= Milbeaut =

The Socionext Milbeaut image/video processors are media processors in multi-processor system on a chip architecture. Started by Fujitsu with the M-1 Series in 2000 each generation (2013: 7th) has several variants regarding included modules and processor-cores, built for mobile phones, digital compact cameras, MILCs and DSLRs like Leica M (Typ 240) and Leica S2, Nikon DSLRs and MILCs (see Nikon Expeed), some Pentax K mount cameras and for the Sigma True-II processor.

==Technology==
Multiple FR-V processor cores, with each single processor-core able to compute many instructions/operations in parallel are used for image- and video-processing. Storage- and display-interfaces and other modules are added and a digital signal processor (DSP) increases the number of simultaneous computations.

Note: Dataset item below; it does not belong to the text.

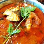 To our surprise, as we thought that we were free from eating and drinking, we were asked to keep sitting for another final round of main course. Their explanation was that the last meal should also always be savoury. So, the main course resumed with Bhatwaani, Thetchwaani, Maache ka Jhol, Mandua ki Roti and Pahari Bhaat. Bhatwaani is ground black soya bean pulses cooked for hours and tempered with green chillies and asafoetida. It was gladly enjoyed with the Pahari Bhaat or the local red rice from the hills. Maache ka Jhol was trout, their local fish, cooked in tomato onion and coriander gravy savoured with the Mandua ki Roti.
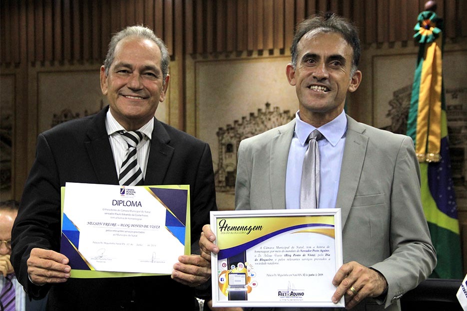 O Editor do Blog Ponto de Vista, Nelson Freire, foi homenageado nessa última quarta-feira (12) em uma solenidade aos blogueiros e influenciadores digitais do estado, na Câmara dos Vereadores de Natal. A proposta foi feita pelo vereador Preto Aquino (Patriota).

An on-chip 32-bit Fujitsu FR microcontroller (6th generation in 2011 introduced the dual-core ARM architecture) initiates and controls the operation and data transfers of all processors, modules and interfaces and can be seen as the main control unit of the camera. The Milbeaut is also used as an application-specific integrated circuit (ASIC) or application-specific standard product (ASSP).

The 7th generation, released in 2013, uses a 55 nm low-power process (SuVolta) and ARM Cortex-A5 microcontroller.